_Exercise details_:
Would you copy only the lines below, from the one containing "FacebookTwitterPinterest Unearthed pipes" through the very last one, leaving the pictures out?

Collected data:
+ + + + + + +

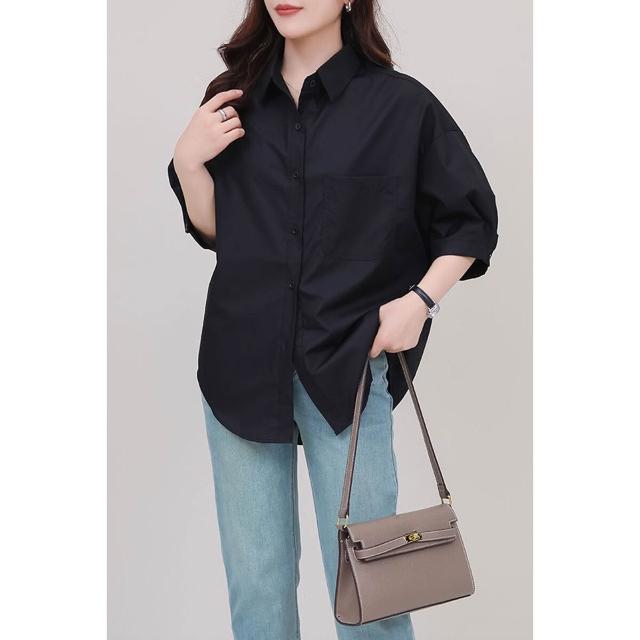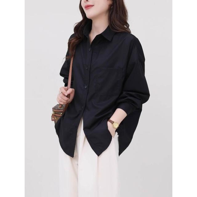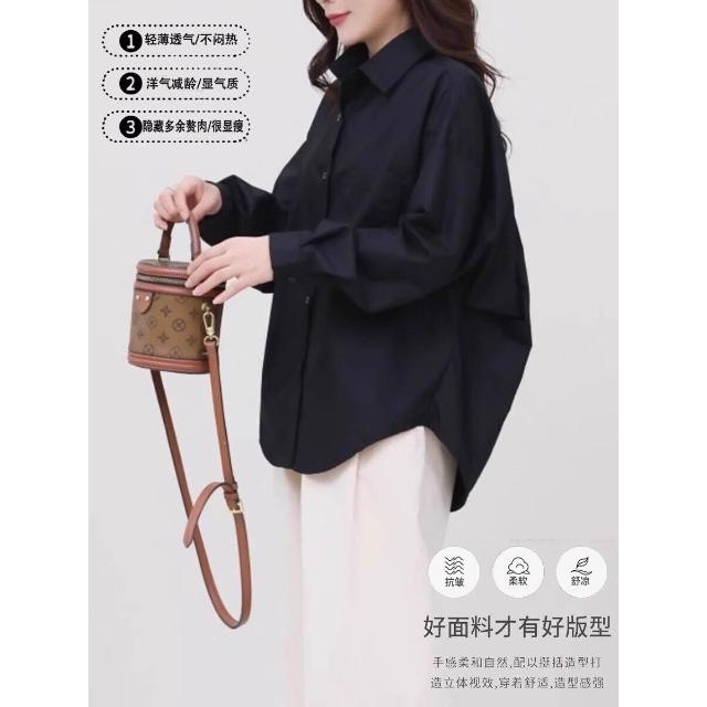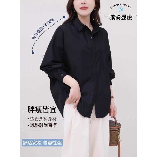 含稅 高級感黑色襯衫女士氣質上衣2025早秋裝新款寬松休閑長袖襯衣
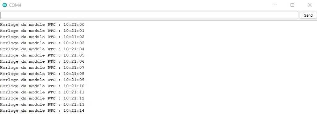 Grâce à sa mémoire non volatile, le module RTC conserve l’heure et la date même lorsque l’alimentation est coupée, ce qui évite de devoir réinitialiser l’heure à chaque démarrage de l’Arduino.
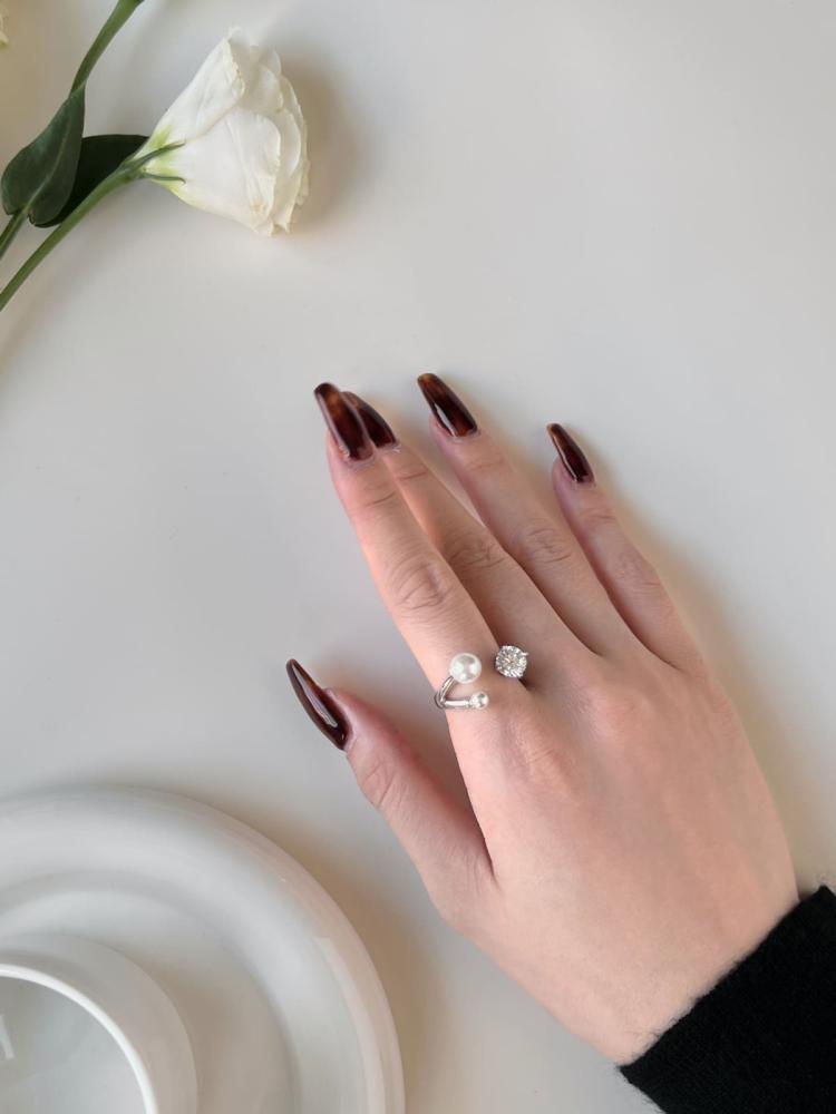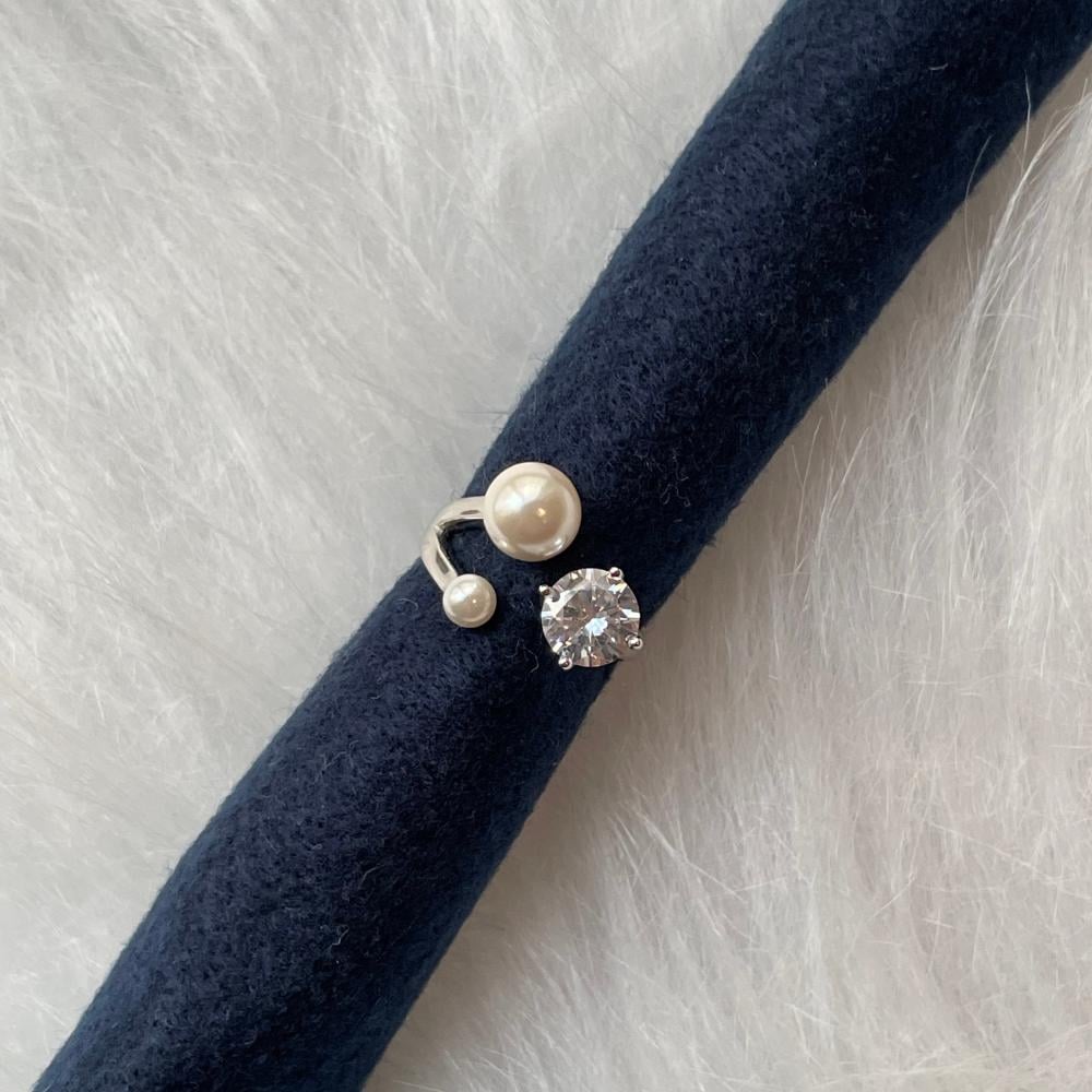 خاتم قابل للتعديل من الفضة الخالصة ومطعم بكريستالات من الكوبيك زيركون واللؤلؤ الزراعي
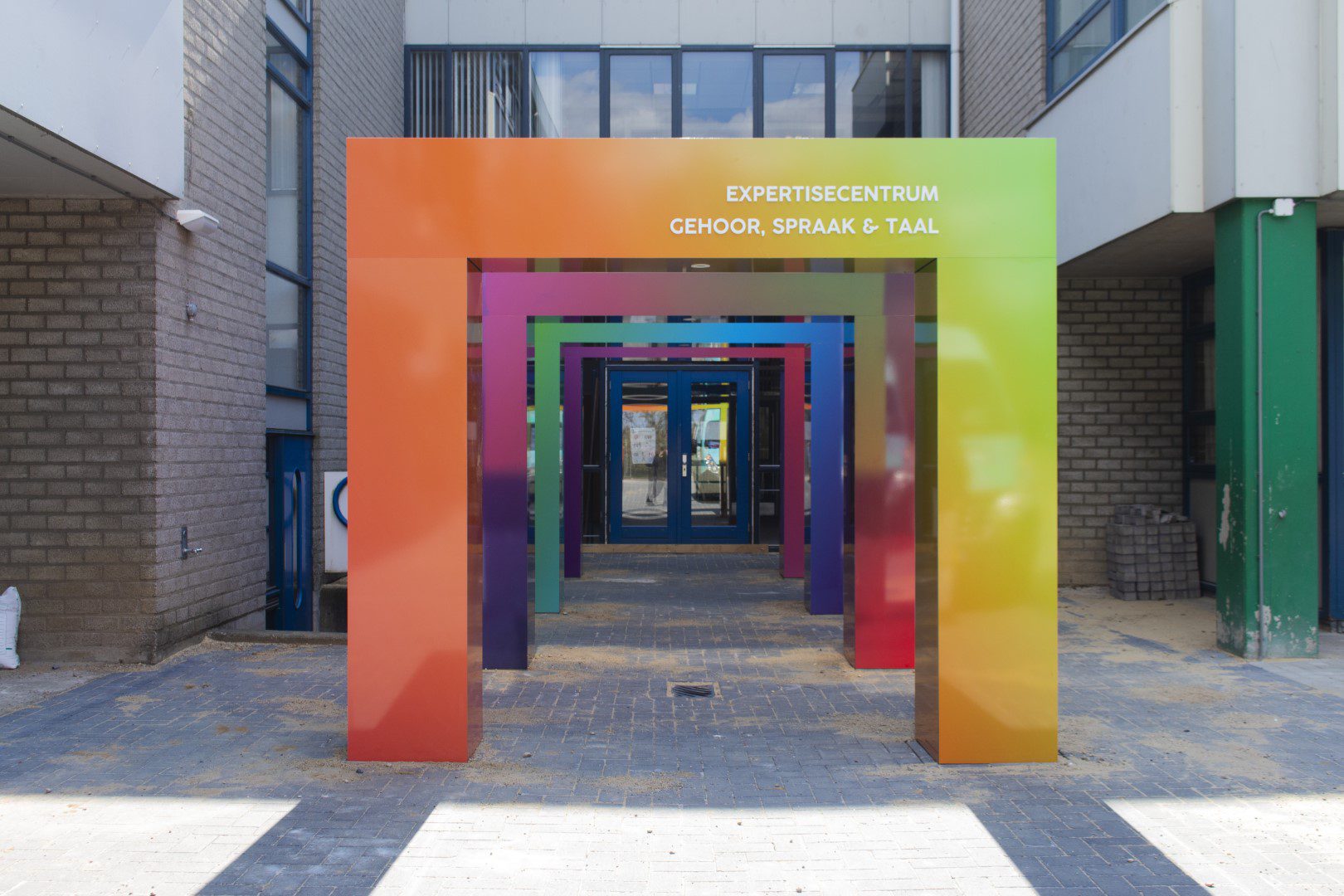 Van Stichting Onderwijs Midden-Limburg kreeg De SignFabriek de opdracht om vier kleurrijke toegangsbogen te ontwerpen, passend bij de bestaande huisstijl van de drie organisaties die in dit gebouw zijn gevestigd. De bogen bestaan uit een aluminium gelaste constructie die zijn ingepakt met 3 mm dibond platen. De platen zijn voorzien van een fullcolour print. De inkt wordt beschermd tegen weersinvloeden en UV-licht door glanslaminaat. Op de eerste boog zijn freesletters aangebracht van 8 mm dik Acrylox.
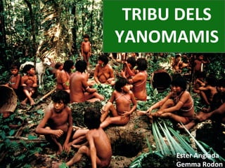 El documento resume la situación geográfica, características raciales, cultura y problemática actual de la tribu Yanomami. La tribu Yanomami vive en la selva amazónica y se divide en cazadores, agricultores y pescadores. Su cultura incluye viviendas llamadas yanos, vestimenta tradicional, estructuras familiares y creencias religiosas. Actualmente enfrentan problemas como la pérdida de territorio y amenazas a su forma de vida tradicional.
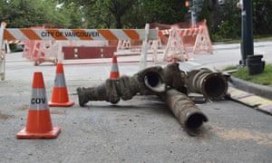 FacebookTwitterPinterest Unearthed pipes lie on Vancouver’s East 12th Avenue, which is undergoing construction to replace a water main on 14 July 2019. Photograph: Mackenzie Lad/AP
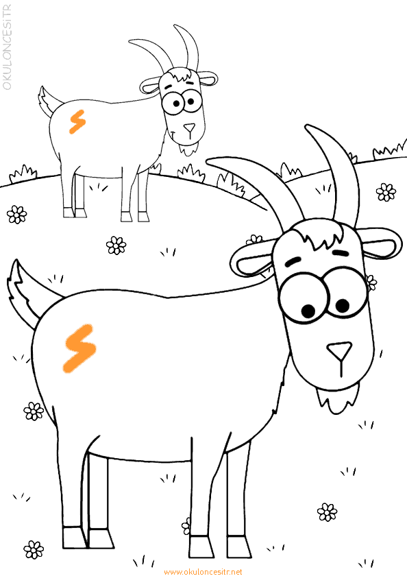 Dağlarda yiyecek arayan keçi boyama sayfası ve keçileri boyamaları oyunu, renkli çizimi siyah beyaz kalıbı boyaması, basit, zor, kolay yavru keçi koyun kuzu boyama sayfaları kitabı. Koyun nasıl çizilir, ücretsiz çıkartın ya da resimleri pdf indir, kalıp yazdır. Kindergarten, preschool kids free goat lamb sheep coloring pages download and printables.
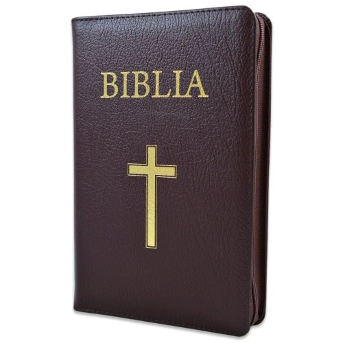 Biblia marime medie, din piele, visinie, fermoar, index, cu cruce [053 PFI]
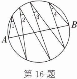 16. (转换法)(2024·连云港)如图,AB 是圆的直径,∠1、∠2、∠3、∠4 的顶点均在 AB 上方的圆弧上,∠1、∠4 的一边分别经过点 A、B,则∠1 + ∠2 + ∠3 + ∠4 =
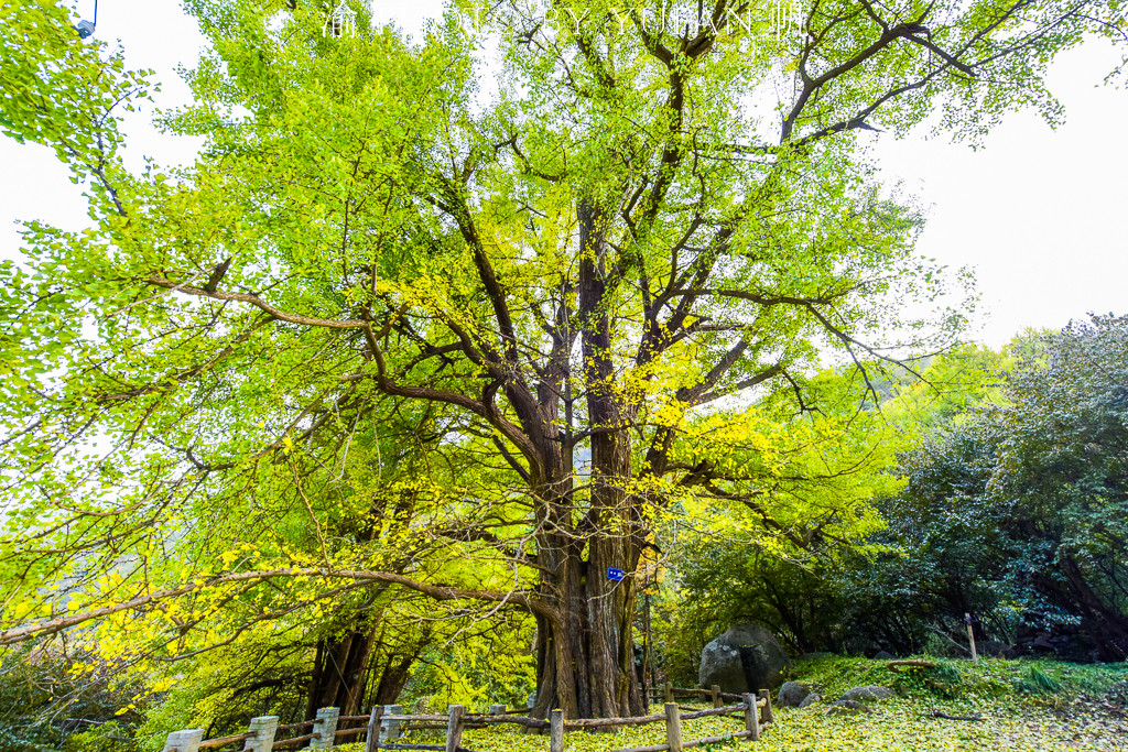 现在古寺虽已不在,但伴着古寺而生的大量古银杏却成了每个秋天最美的风景。

+ + + + + + +

_Response_:
 FacebookTwitterPinterest Unearthed pipes lie on Vancouver’s East 12th Avenue, which is undergoing construction to replace a water main on 14 July 2019. Photograph: Mackenzie Lad/AP
 Dağlarda yiyecek arayan keçi boyama sayfası ve keçileri boyamaları oyunu, renkli çizimi siyah beyaz kalıbı boyaması, basit, zor, kolay yavru keçi koyun kuzu boyama sayfaları kitabı. Koyun nasıl çizilir, ücretsiz çıkartın ya da resimleri pdf indir, kalıp yazdır. Kindergarten, preschool kids free goat lamb sheep coloring pages download and printables.
 Biblia marime medie, din piele, visinie, fermoar, index, cu cruce [053 PFI]
 16. (转换法)(2024·连云港)如图,AB 是圆的直径,∠1、∠2、∠3、∠4 的顶点均在 AB 上方的圆弧上,∠1、∠4 的一边分别经过点 A、B,则∠1 + ∠2 + ∠3 + ∠4 =
 现在古寺虽已不在,但伴着古寺而生的大量古银杏却成了每个秋天最美的风景。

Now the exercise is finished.